My preferred solution is not to use setjmp/longjmp at all. Of course, it
isn't always possible. BSD's non-switch-off-able restartable system calls
(like a read from a tty) irk me particularly in this regard.
	- Cameron Simpson
	  cameron@spectrum.cs.unsw.oz.au

"If it can't be turned off, it's not a feature." Karl Huer (I think).

sasrer@unx.sas.com (Rodney Radford) (10/09/90)

In article <1597@redsox.bsw.com> campbell@redsox.bsw.com (Larry Campbell) writes:
>My real question is this:  Why not define the behavior of setjmp/longjmp so
>that the values of ALL local variables are defined, whether or not they've
>been allocated to registers?  Otherwise, setjmp/longjmp are significantly
>less useful.

The reason for the ambiguity is because ANSI chose not to make setjmp/longjmp
functions known by the C compiler so that it just treats them just like any
other functions (ie: does not force local automatics values from registers
to storage). ANSI chose not to make any of the functions special case so
that an application may redefine the functions (although this is frowned upon
in some cases). The setjmp/longjmp functions themselves do not have the
required information to force the values from the registers, so we are stuck
with this oddity.

>
>For what it's worth, it seems to me that the description of setjmp/longjmp in
>K&R 2 does imply that x should have the value 1; is this an area of
>disagreement between K&R and ANSI?

I believe (just guessing really) that the original C used 'builtins' for the
setjmp/longjmp functions, ie: they special cased them.

>-- 
>Larry Campbell                          The Boston Software Works, Inc.
>campbell@redsox.bsw.com                 120 Fulton Street
>wjh12!redsox!campbell                   Boston, MA 02109

-- 
Rodney Radford        DG/UX AViiON developer        SAS Institute, Inc.
sasrer@unx.sas.com    (919) 677-8000 x7703          Box 8000, Cary, NC 27512

richard@aiai.ed.ac.uk (Richard Tobin) (10/10/90)

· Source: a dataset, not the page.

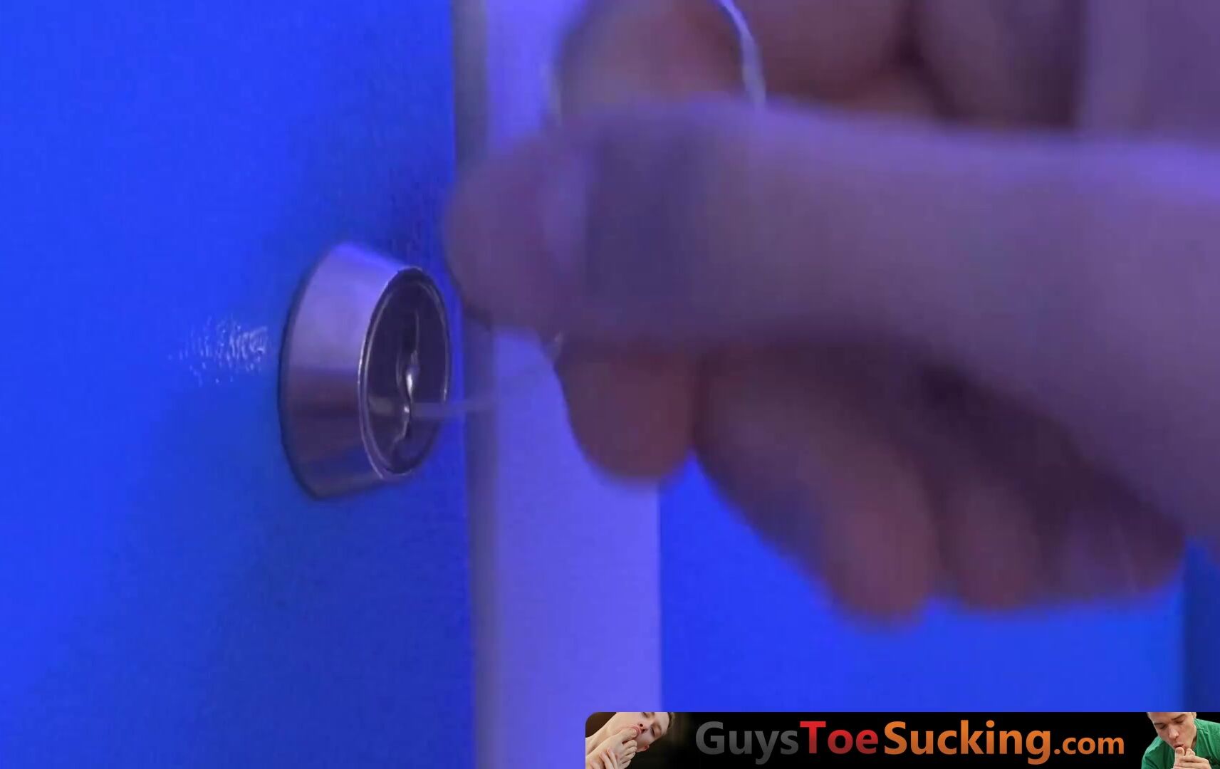 GuysToeSucking.com - Toe licking twink strokes his cock in the locker room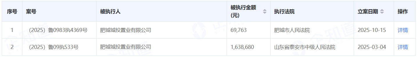 今年以来,肥城城投置业有限公司先后被山东省泰安市中级人民法院、肥城市人民法院列为被执行人,执行标的分别为69,763元、1,638,680元。

In article <1597@redsox.bsw.com> campbell@redsox.bsw.com (Larry Campbell) writes:
>My real question is this:  Why not define the behavior of setjmp/longjmp so
>that the values of ALL local variables are defined, whether or not they've
>been allocated to registers?  Otherwise, setjmp/longjmp are significantly
>less useful.

The answer is that it's harder and slower.  Either you have to store all
the local variables in memory (which is why volatile works) or longjmp()
has to restore the registers to the right values by "unwinding" the stack,
and doing the restores as if each procedure were returning.  BSD on the
VAX uses the latter approach, but it would be harder for a compiler
that wanted to be cleverer about register allocation.

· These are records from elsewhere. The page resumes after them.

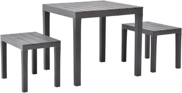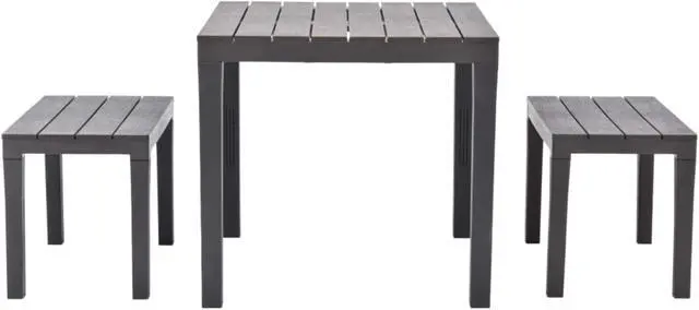 Enjoy the outdoor lounging or dining time with your friends or family members with our garden set! This garden set is made of durable, weather resistant and maintenance free plastic, which is hard-wearing and suitable for daily use. Benches with wide seats ensure enough space for your family and friends. No assembly is required. Delivery includes 1 table and 2 matching benches.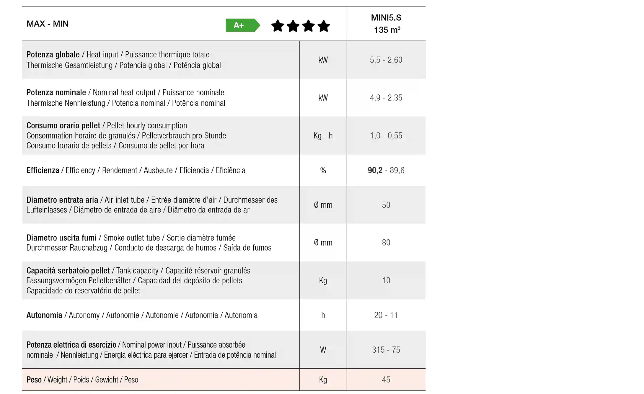 Das Model „Mini“ ist für alle Umgebungen geeignet und hält die ökologischen und energiesparenden Standars.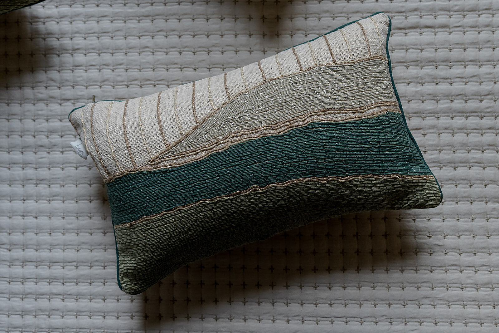 Introducing our Patina Embroidered Cushion Cover, crafted from ultra-luxurious fabric. Featuring a thoughtfully curated colour palette of olive, wheat, and teal embroidery, it evokes the tranquility of the ocean and the Mediterranean. This elegant design not only enhances your space beautifully but also brings a sense of calm and refinement to your décor.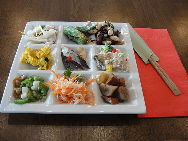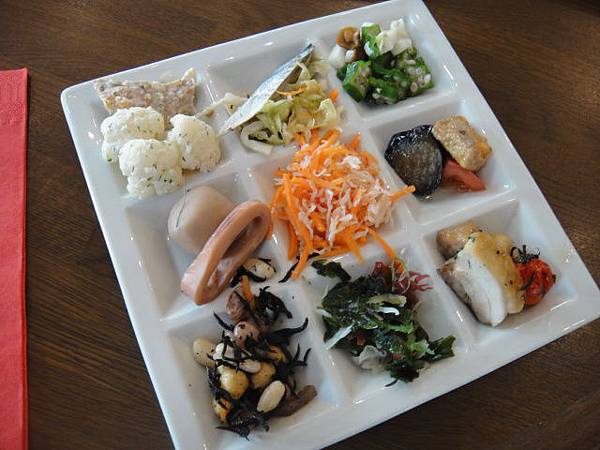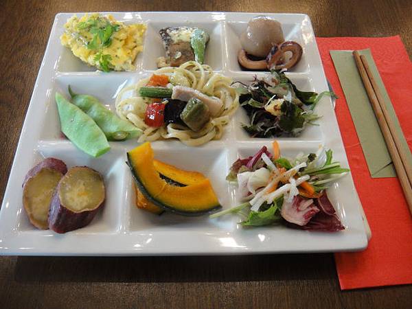 餐盤是九宮格的型態,方便你取用各式料理,味道也不會混合在一起。香草料理主要以當季的食材為主要烹煮材料。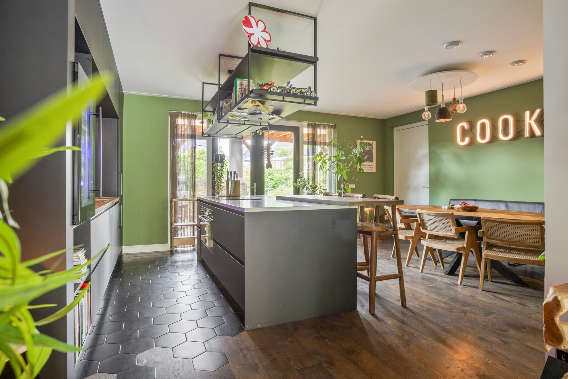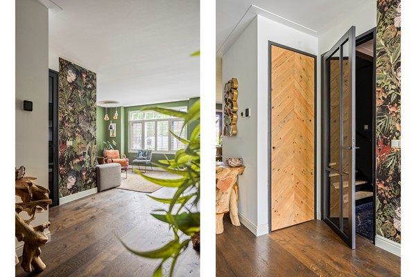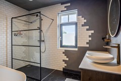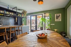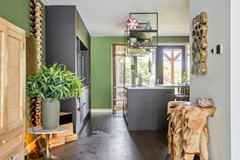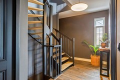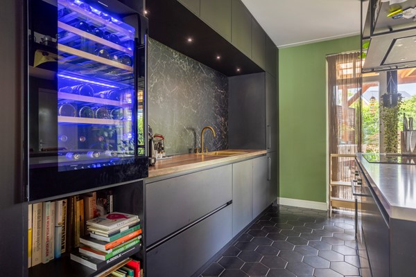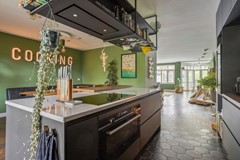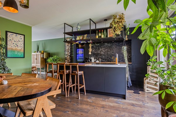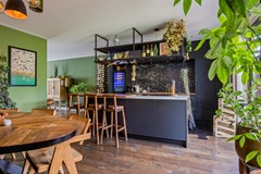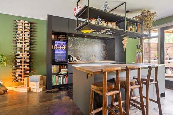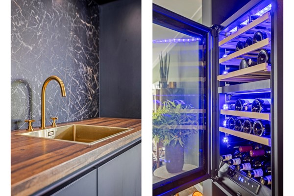 Bij binnenkomst aan de zijkant van de woning komt u in de hal met aan de linkerzijde de meterkast en een kast voor de warmtepomp en aan de rechterzijde een modern toilet met fonteintje. De riante woonkamer heeft een handige trapkast en aan de voorzijde een sfeervolle erker met veel glas en aan de achterzijde is er de open keuken. Deze luxe keuken heeft een kookeiland en is van alle gemakken voorzien (o.a. koel-/vriescombinatie, inductie kookplaat, oven, wijnkoelkast en vaatwasser).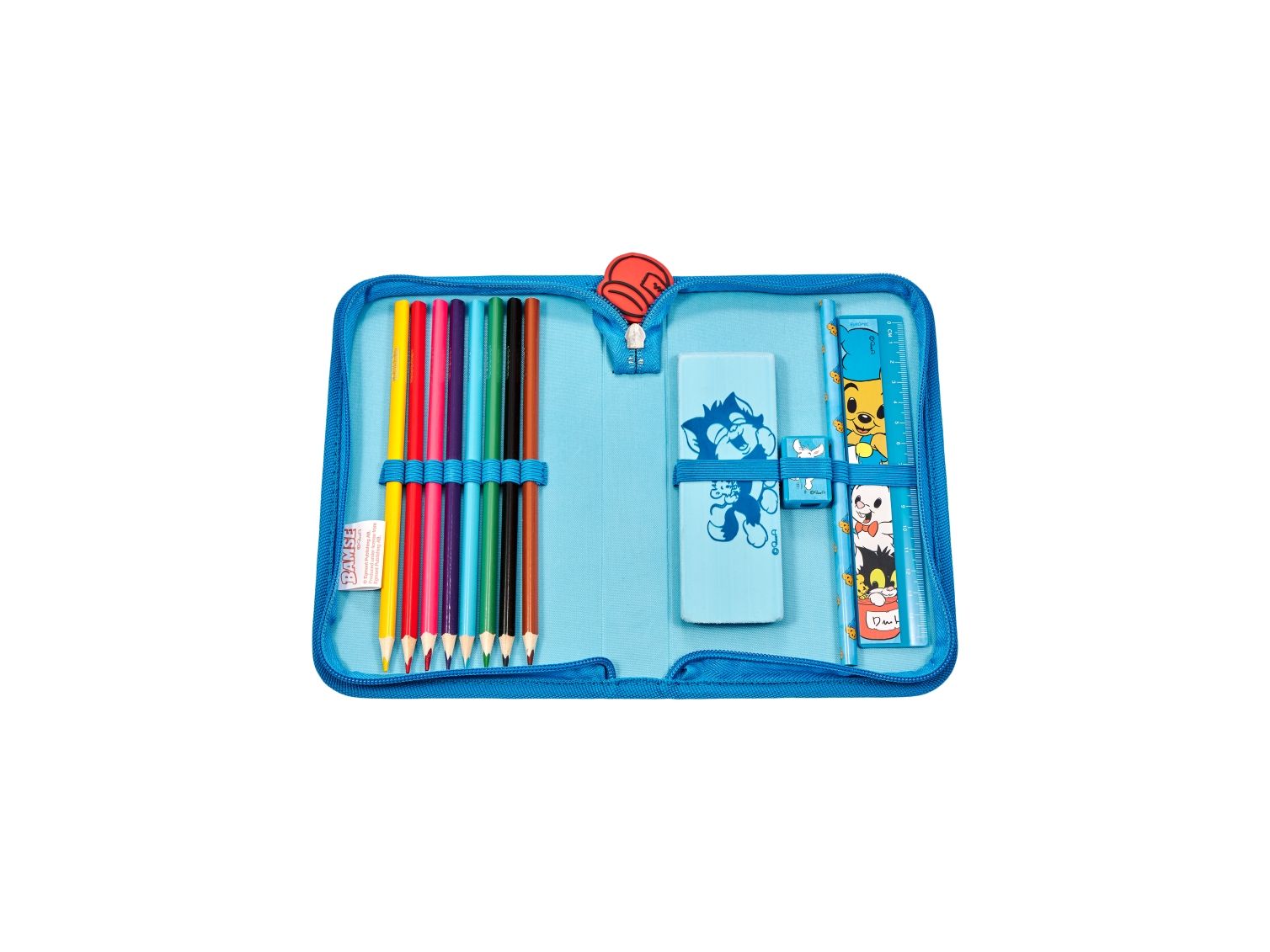 Giv dit barn en farverig og praktisk oplevelse med BAMSEs fyldte penalhus! Dette smarte penalhus i slidstærk 300D nylon rummer alt, hvad der skal til for at gøre skoledagen sjovere. Med 8 trekantede farveblyanter, en trekantet blyant, en skarp blyantspidser, en 15 cm lineal og en stor viskelæder, er det perfekt til kreative sjæle. Alt sammen pakket i en praktisk polybag, klar til at tage med på eventyr!

What usually happens is that setjmp() saves the values of the
registers, and longjmp() restores them.  This means that variables
which happened to be in registers get restored to the values they
had when setjmp() was called - that is, intermediate assignments are
lost.

It might be possible to be clever and just ensure all variables are in
memory before calling a procedure that might do a longjmp(), but the
compiler would have to be sure that longjmp() couldn't be called 
asynchronously from a signal handler.

Since ANSI only says that variables which have been changed are undefined,
it's hard to think of an implementation that would not result in either
the right value or the setjmp() value after a longjmp().

-- Richard
-- 
Richard Tobin,                       JANET: R.Tobin@uk.ac.ed             
AI Applications Institute,           ARPA:  R.Tobin%uk.ac.ed@nsfnet-relay.ac.uk
Edinburgh University.                UUCP:  ...!ukc!ed.ac.uk!R.Tobin

peter@ficc.ferranti.com (Peter da Silva) (10/10/90)

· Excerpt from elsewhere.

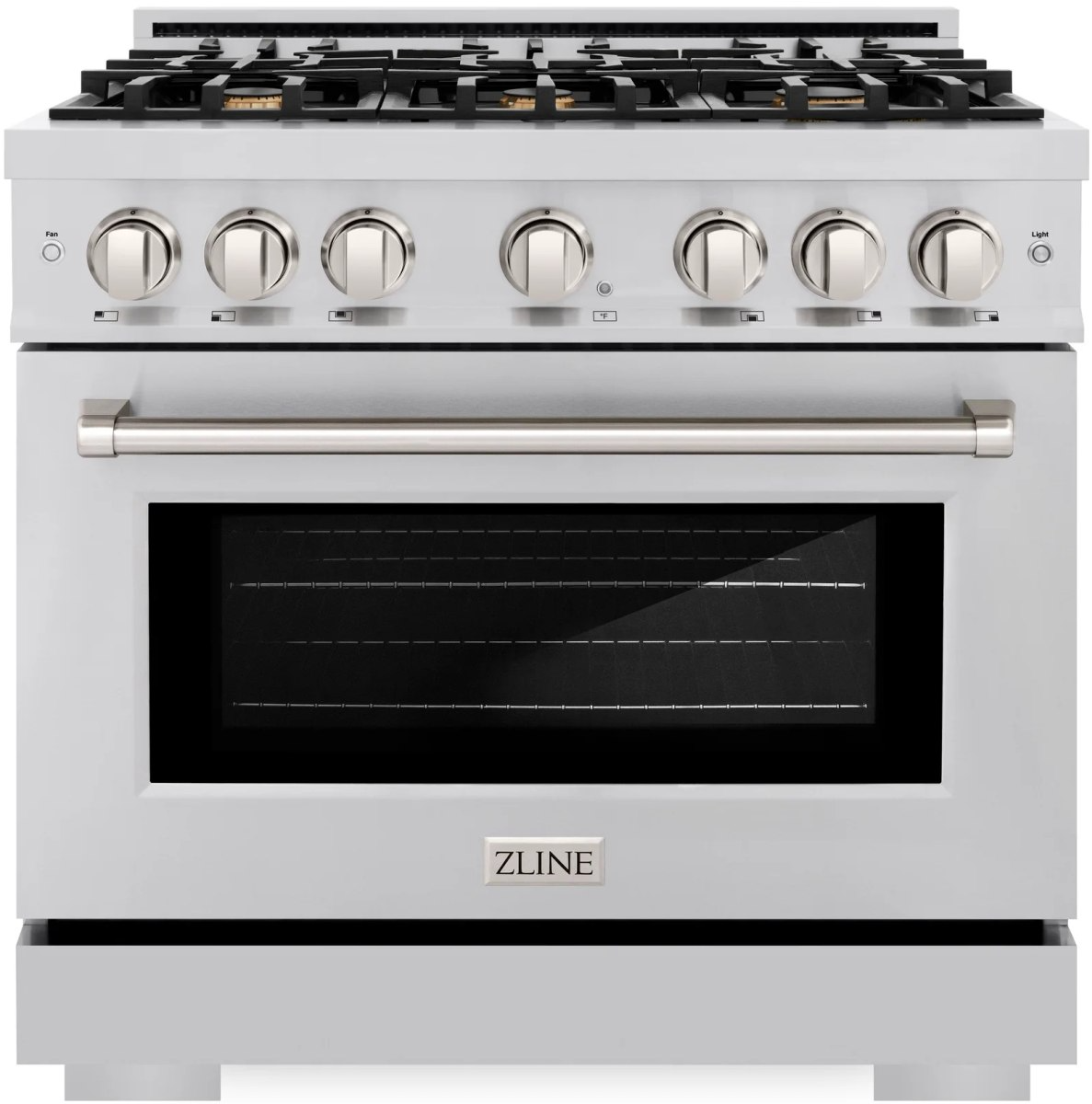 The ZLINE 36 in. 5.2 cu. ft. Select Gas Range with Convection Gas Oven in Stainless Steel with 6 Brass Burners (HGR-BR-36) combines the elegance of a hand-finished porcelain gas cooktop with 6 Italian-made brass auto-reignition burners, a gas convection oven with an energy-efficient cooling fan to ensure quiet operation, and a Horizon oven door window design allowing you to master every meal.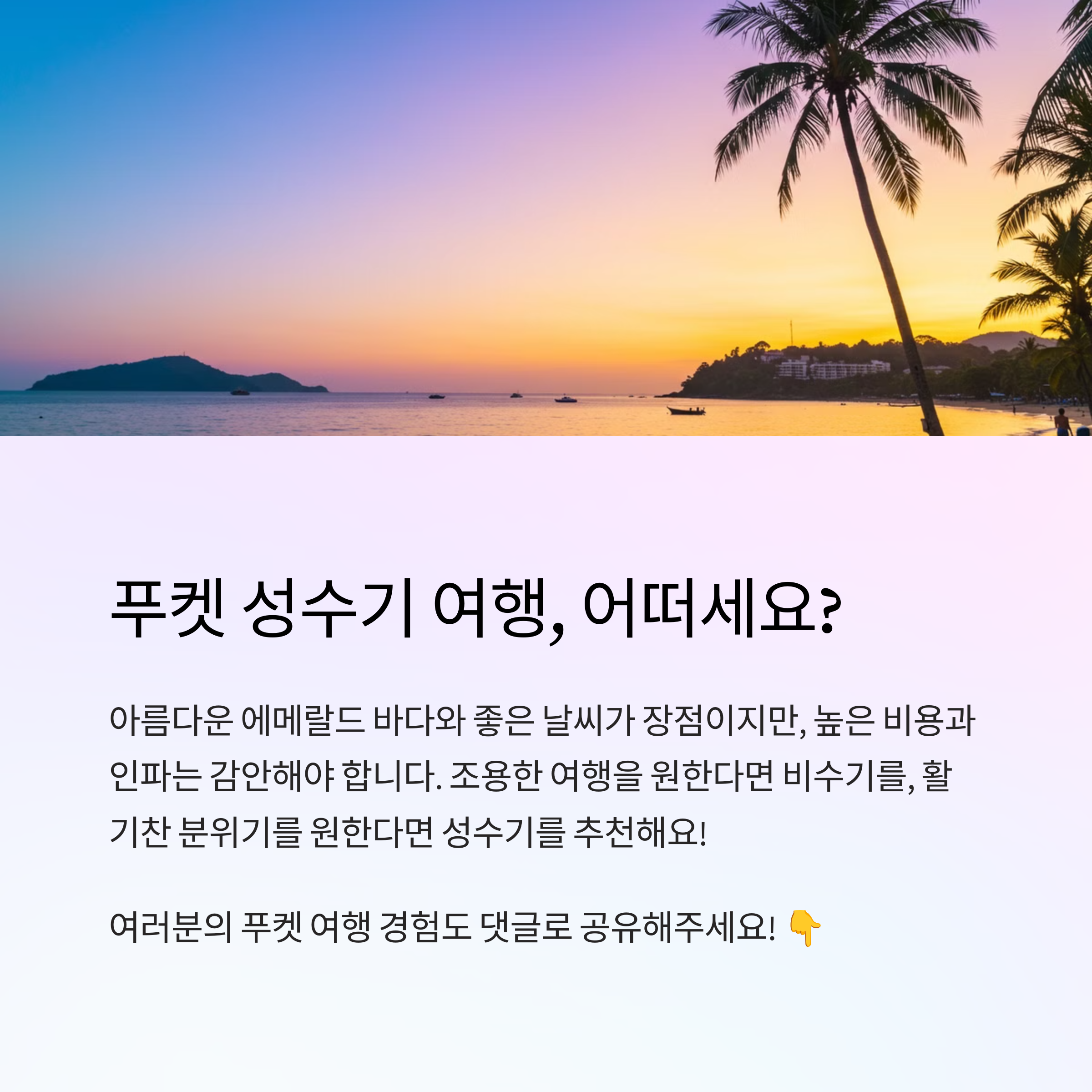 만약 조용하고 한적한 푸켓을 원하신다면, 성수기보다는 비수기를 노리는 것이 더 좋을 것 같습니다. 하지만 '핫한' 분위기를 즐기고 싶다면, 성수기 푸켓도 나쁘지 않겠죠! 여러분은 어떤 여행을 원하시나요? 😃

In article <891@usage.csd.unsw.oz.au> cameron@spectrum.cs.unsw.oz.au (Cameron Simpson) writes:
> But think about what happens when you write
> 	sigfn(sig) { longjmp(foojmpbuf,1); }

> Since, as you say, a signal can happen anywhere then there is now a might-goto
> arc from _every_ point in the program which can conceivably be called from
> within any function which uses foojmpbuf as a jump buffer.

I think it reasonable not to guarantee longjmp behaviour from within
signals. In fact, calling longjmp from within signals is evil. The only
thing you should do within a signal routine is set a flag... anything
else is a bug waiting to happen.

Of course, you need to do this in BSD, but BSD is buggier than a dog pound.
-- 
Peter da Silva.   `-_-'
+1 713 274 5180.   'U`
peter@ferranti.com

brnstnd@kramden.acf.nyu.edu (Dan Bernstein) (10/10/90)

In article <:_A6T46@xds13.ferranti.com> peter@ficc.ferranti.com (Peter da Silva) writes:
> I think it reasonable not to guarantee longjmp behaviour from within
> signals. In fact, calling longjmp from within signals is evil. The only
> thing you should do within a signal routine is set a flag... anything
> else is a bug waiting to happen.

Correct.

> Of course, you need to do this in BSD, but BSD is buggier than a dog pound.

Say what? I've written large BSD applications that don't do anything
inside signal handlers other than set flags. Where's this ``need'' you
talk about? And if you're going to insist that BSD is buggier than SysV,
how about some proof?

---Dan

mcdaniel@adi.com (Tim McDaniel) (10/10/90)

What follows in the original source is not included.